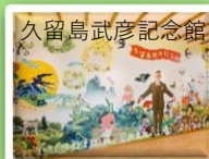
久留島武彦記念館
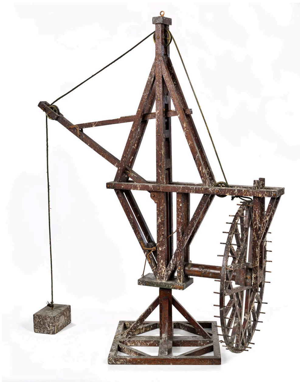
Grue, vue 1
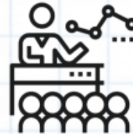
Hablar en público
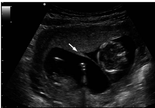
Abb. 3 Bichoriale Gemini-Gravidität mit λ-Zeichen (→), 12 kpl.SSW.
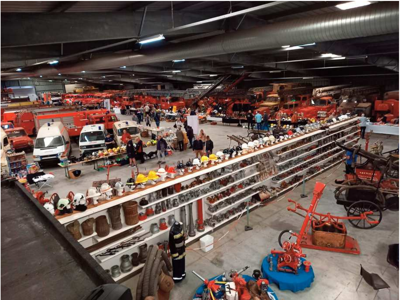
Eine Feuerwehbörse in Weelde

Mann das Geld (teils) zurückzahlen. Zum Zweiten wurde dann ein (mit Geld vom Ministerium) Kultur- und Erbgut Zentrum in Flandern in die Hand genommen. Das musste beurteilen, welche Teile der Sammlung ausgestellt werden sollten und welche entweder im Depot oder zum Verkauf angeboten werden sollten. Die betreffende Mitarbeiterin startete mit viel Enthusiasmus, doch als diese in Mutterschaftsurlaub ging, war kein Ersatz durch eine andere Mitarbeiter(in) verfügbar.
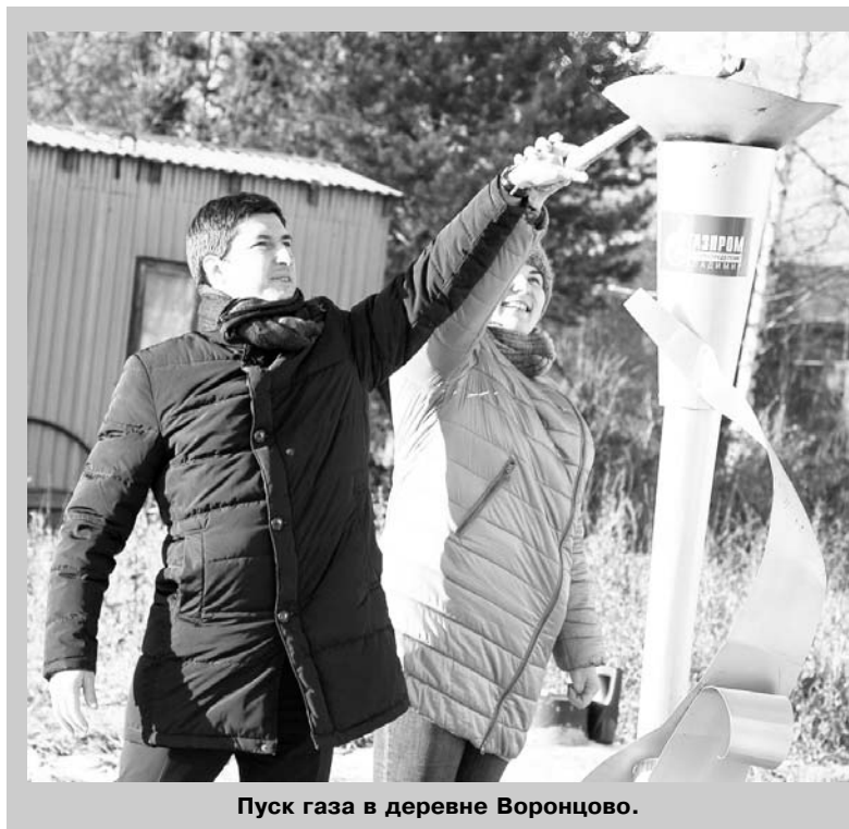
Пуск газа в деревне Воронцово.

Крупнейшая электросетевая компания региона – «Владимирэнерго», имеет в работе более 22 тыс. км электрических сетей и 5 тыс. трансформаторных подстанций. Между администрацией Владимирской области и ПАО «Россети» действует Соглашение о сотрудничестве для обеспечения надёжного и бесперебойного электроснабжения потребителей и консолидации электросетевого комплекса 33-го региона.
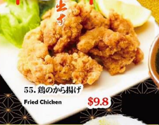
55. 鶏のから揚げ Fried Chicken $9.8
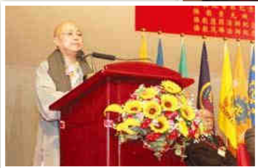
▲學務管理委員會副主席演慈法師匯報校務。
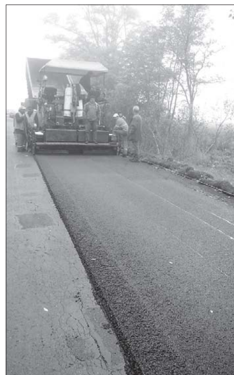
Roboty na drodze Pleszew - Chocz
□ □ □ □
Exercise instructions: Starting at the first line of the material, output exactly the lines up to and including the one with "Пуск газа в деревне Воронцово.". Do not include the pictures.

Written response:
久留島武彦記念館
Grue, vue 1
Hablar en público
Abb. 3 Bichoriale Gemini-Gravidität mit λ-Zeichen (→), 12 kpl.SSW.
Eine Feuerwehbörse in Weelde

Mann das Geld (teils) zurückzahlen. Zum Zweiten wurde dann ein (mit Geld vom Ministerium) Kultur- und Erbgut Zentrum in Flandern in die Hand genommen. Das musste beurteilen, welche Teile der Sammlung ausgestellt werden sollten und welche entweder im Depot oder zum Verkauf angeboten werden sollten. Die betreffende Mitarbeiterin startete mit viel Enthusiasmus, doch als diese in Mutterschaftsurlaub ging, war kein Ersatz durch eine andere Mitarbeiter(in) verfügbar.
Пуск газа в деревне Воронцово.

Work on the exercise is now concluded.